0
0
PythonHow-ToBeginner · 4 min read

How to Validate URL in Python: Simple and Effective Methods

To validate a URL in Python, you can use the urllib.parse module to parse the URL and check its components or use regular expressions with the re module for pattern matching. The validators library also provides a simple way to check if a URL is valid.
📐

Syntax

Here are common ways to validate a URL in Python:

  • Using urllib.parse: Parse the URL and check if scheme and netloc parts exist.
  • Using re module: Match the URL string against a regular expression pattern.
  • Using validators library: Call validators.url(url) which returns True if valid.
python
from urllib.parse import urlparse
import re
import validators

# Using urllib.parse
parsed_url = urlparse('https://example.com')
if parsed_url.scheme and parsed_url.netloc:
    print('Valid URL')
else:
    print('Invalid URL')

# Using regex
pattern = re.compile(r'^(https?|ftp)://[\w.-]+(?:\.[\w\.-]+)+[/\w\-\._~:/?#[\]@!$&'"()*+,;=.]+$')
url = 'https://example.com'
if pattern.match(url):
    print('Valid URL')
else:
    print('Invalid URL')

# Using validators library
if validators.url('https://example.com'):
    print('Valid URL')
else:
    print('Invalid URL')
Output
Valid URL Valid URL Valid URL
💻

Example

This example shows how to validate URLs using urllib.parse and the validators library.
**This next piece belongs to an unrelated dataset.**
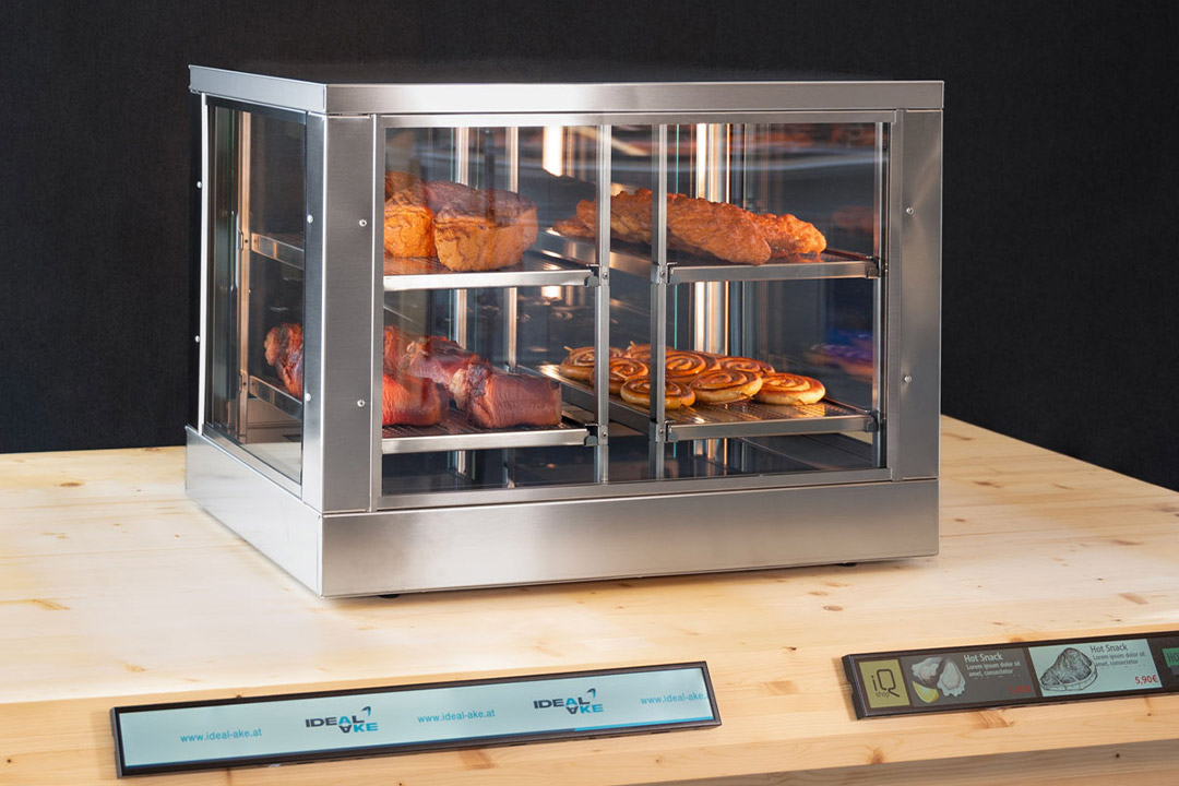 Die schlanke Auftischvitrine sichert die Temperatur der Speisen zuverlässig und garantiert dem Kunden somit den optimalen Frischegenuss.

It checks multiple URLs and prints if each is valid or not.

python
from urllib.parse import urlparse
import validators

def is_valid_url(url):
    parsed = urlparse(url)
    if not (parsed.scheme and parsed.netloc):
        return False
    return validators.url(url)

urls = [
    'https://www.google.com',
    'ftp://files.server.com',
    'http:/invalid-url',
    'justtext',
    'https://example.com/path?query=1'
]

for url in urls:
    print(f'{url} ->', 'Valid' if is_valid_url(url) else 'Invalid')
Output
https://www.google.com -> Valid ftp://files.server.com -> Valid http:/invalid-url -> Invalid justtext -> Invalid https://example.com/path?query=1 -> Valid
⚠️

Common Pitfalls

Common mistakes when validating URLs include:

  • Only checking if the string starts with http or https without verifying the full structure.
  • Using overly simple regex that misses valid URLs or accepts invalid ones.
  • Not handling URLs without schemes or with uncommon schemes.
  • Ignoring the need to check both scheme and network location parts.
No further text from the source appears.